Realtors face state
penalties over taxes
Twelve real estate agents from some of the largest realty firms and the husband of a real estate agent are accused of failing to timely file and pay their general excise tax returns on sales commissions for the past seven years.
Earlier this month the state attorney general filed misdemeanor complaints against Heather H. Chung, Steven D.H. Chung, Glen H. Fujihara, Mero V. Giasolli, Guy V. Kidder, Craig A. Lindner, Linda M. McCabe, Russell K. Nishimoto, Fukuyaki Puckett, Karen N. Robertshaw, Ronald B. Staton, Lloyd T. Tanaka and Bruce W. Yanagihara.

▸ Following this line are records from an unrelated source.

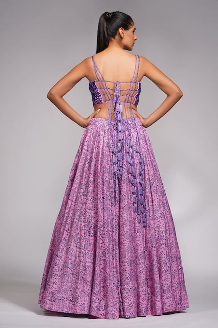 Pink lehenga with floral print & pleated pattern. Paired with cutdana, floral embroidered blouse & dupatta.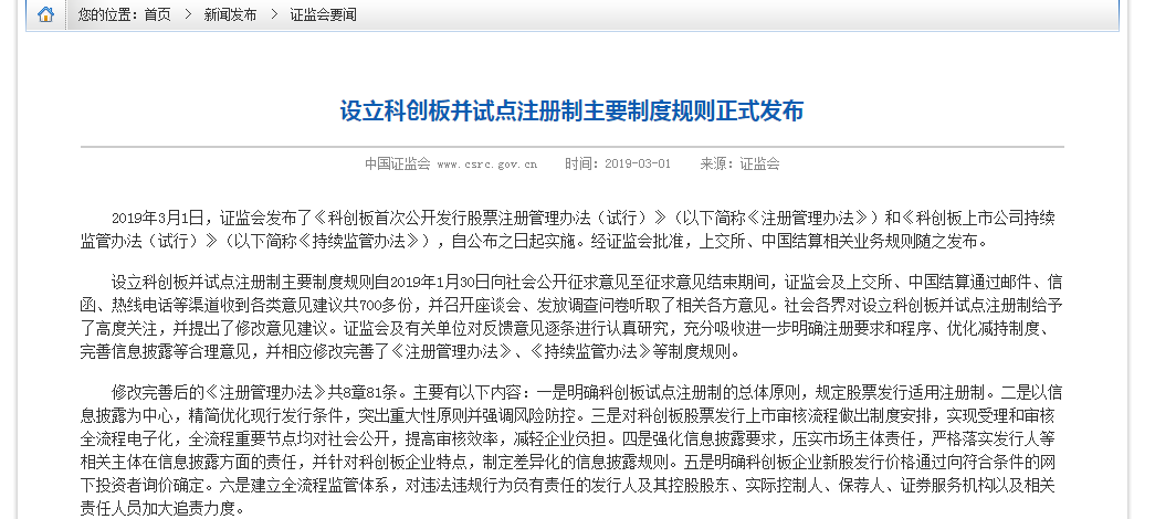 3月1日晚間,中國證監(jiān)會、上海證券交易所正式發(fā)布設立科創(chuàng)板并試點注冊制的主要制度規(guī)則。這表明,經(jīng)過一個月的意見征集,市場高度關注的科創(chuàng)板正式開閘。要點總結如下: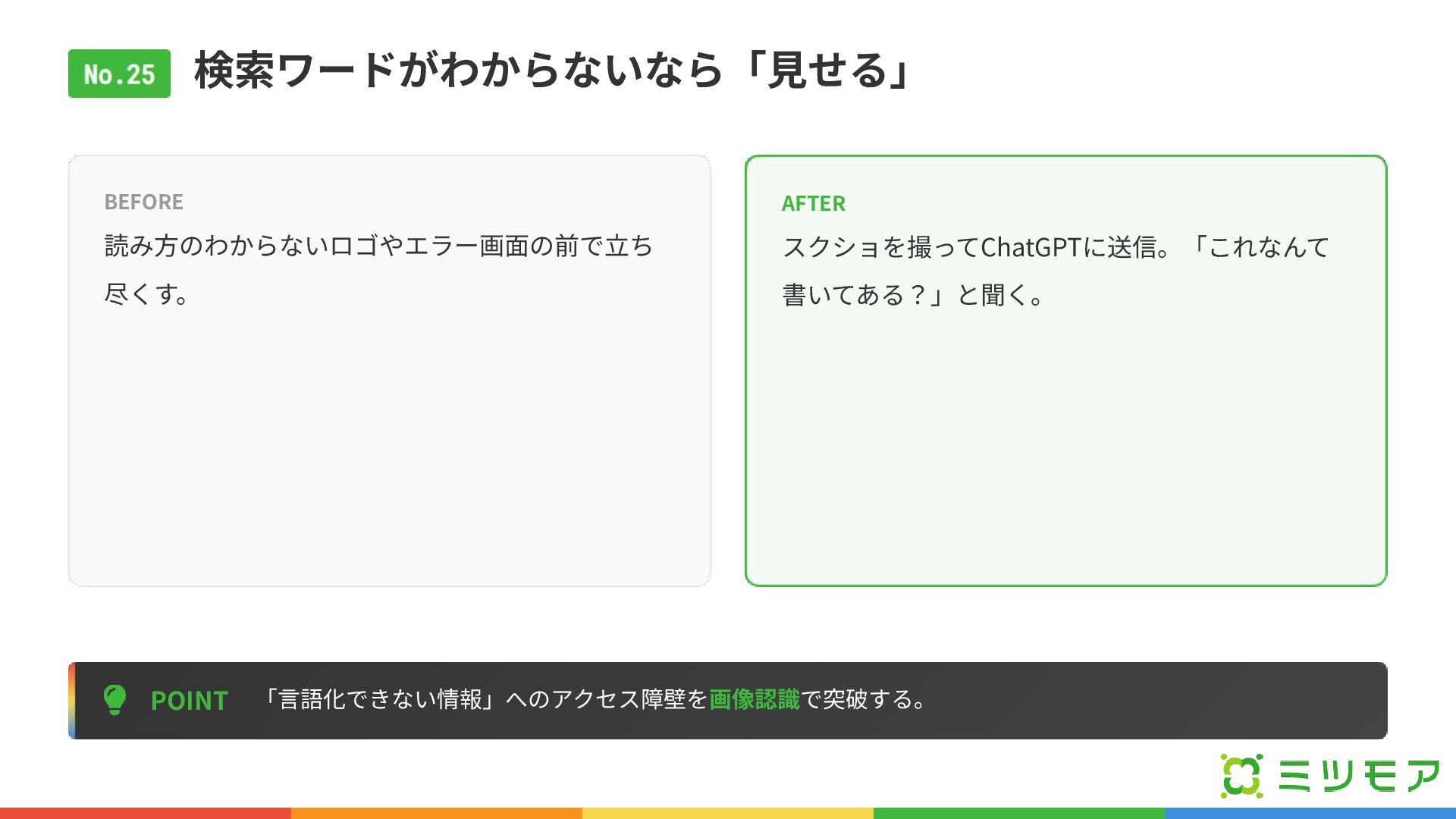 検索ワードがわからないなら「⾒せる」 POINT 「⾔語化できない情報」へのアクセス障壁を画像認識で突破する。 BEFORE 読み⽅のわからないロゴやエラー画⾯の前で⽴ち 尽くす。 AFTER スクショを撮ってChatGPTに送信。「これなんて 書いてある?」と聞く。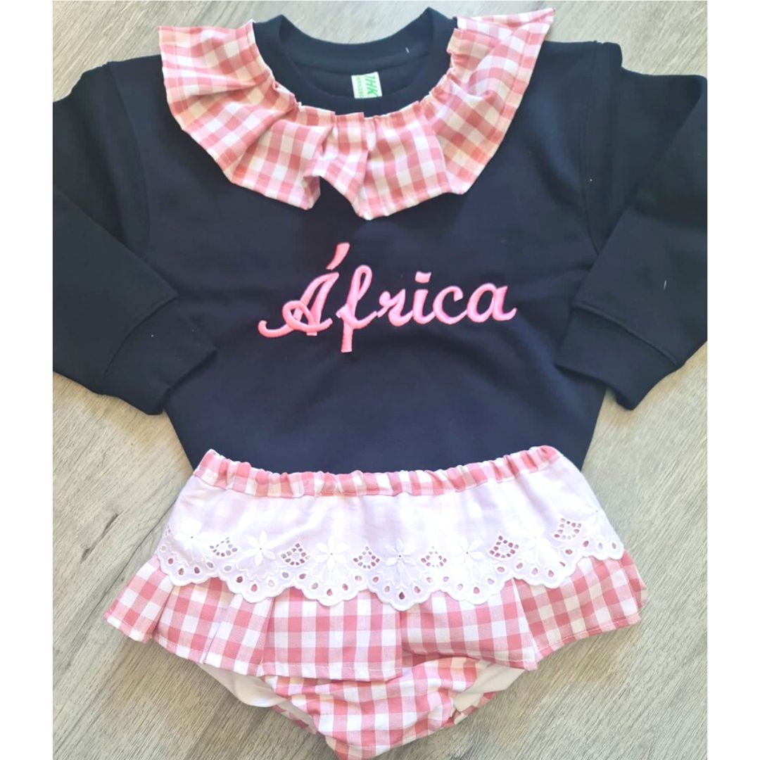 Conjunto de sudadera con nombre bordado y cubrefalda a conjunto de tela de cuadros vichy en rosa. Elige la talla correcta y la inicial y al carrito. Además puedes añadirle cuello y lazo.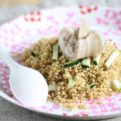 Fate uscire il vapore rapidamente passando ancora la pentola a pressione sotto l’acqua corrente, per non fare attaccarsi la quinoa, e servite disponendo i filetti arrotolati sulla quinoa.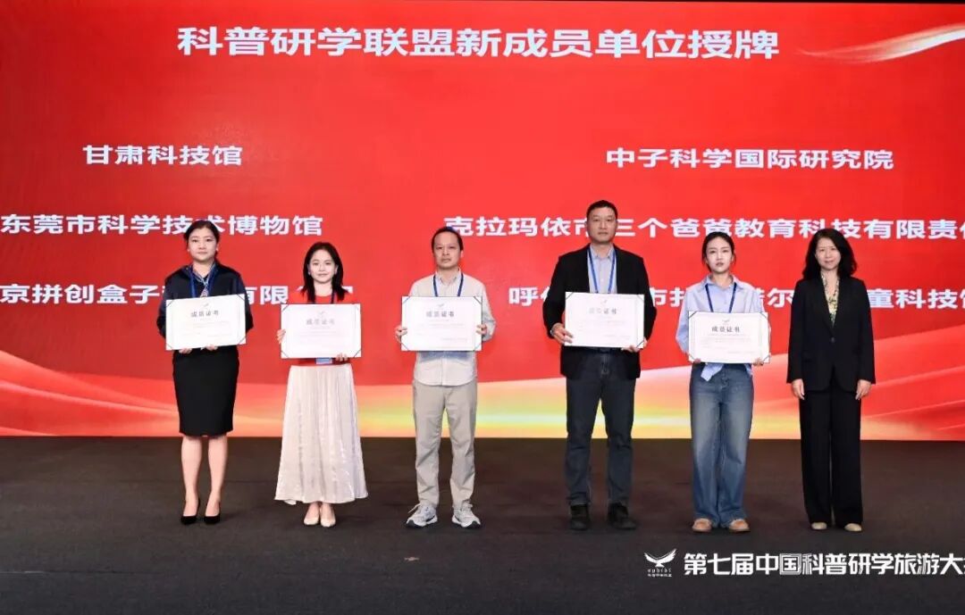 大会为新加入联盟的甘肃科技馆、东莞市科学技术博物馆等5家成员单位和7位科普研学指导专家、导师颁发证书。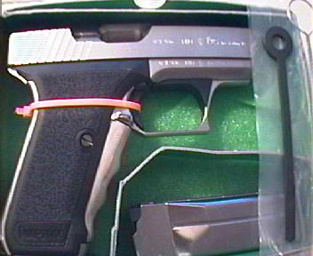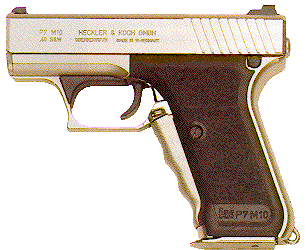 The P7M10 shares recievers with the P7M13, but fires a .400 caliber bullet from the .40S&W cartridge, requiring a 12.64oz heavier slide. This results in a overall height identical to the 1911, yet retains the low muzzel flip, light recoil, and sizzling slide velocities of the 9mm P7's. It has a regular (lands & grooves) barrel, and has a double-stack Magazine that holds 10 rounds. This gives it a wider grip similar to the P7M13. At 2.69 lbs., it is considerably heavier than the rest of the P7's.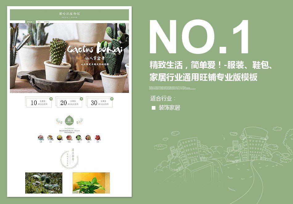 [B1191-1] 精致生活,简单爱!-服装、鞋包、家居行业通用旺铺专业版模板

"All of Hawaii's citizens have an obligation to comply with tax laws," state Attorney General Mark Bennett said in a statement. "We will continue to vigorously prosecute those who fail to report and pay general excise taxes."
The real estate agents allegedly earned more than $9 million in sales commissions from 1998 to 2004 and failed to pay more than $575,000 in general excise taxes.
The prosecution is an ongoing effort between the state Attorney General and Department of Taxation.
A recent audit by the Department of Taxation of 10 of the largest-producing real estate firms uncovered the names of real estate agents who were not filing general excise tax returns or were underreporting their commissions, said state tax investigator Stephen Hironaka, who declined to name the various realty firms they were associated with.
All were independent contractors from various realty companies. "We were able to identify Realtors who were not filing their GET, and recommended prosecution on 12 people," he said.
A handful of other cases have also been referred to the Taxation Department's civil audit section.
Failure to file a general excise tax return is punishable by up to a year in jail and a $25,000 fine.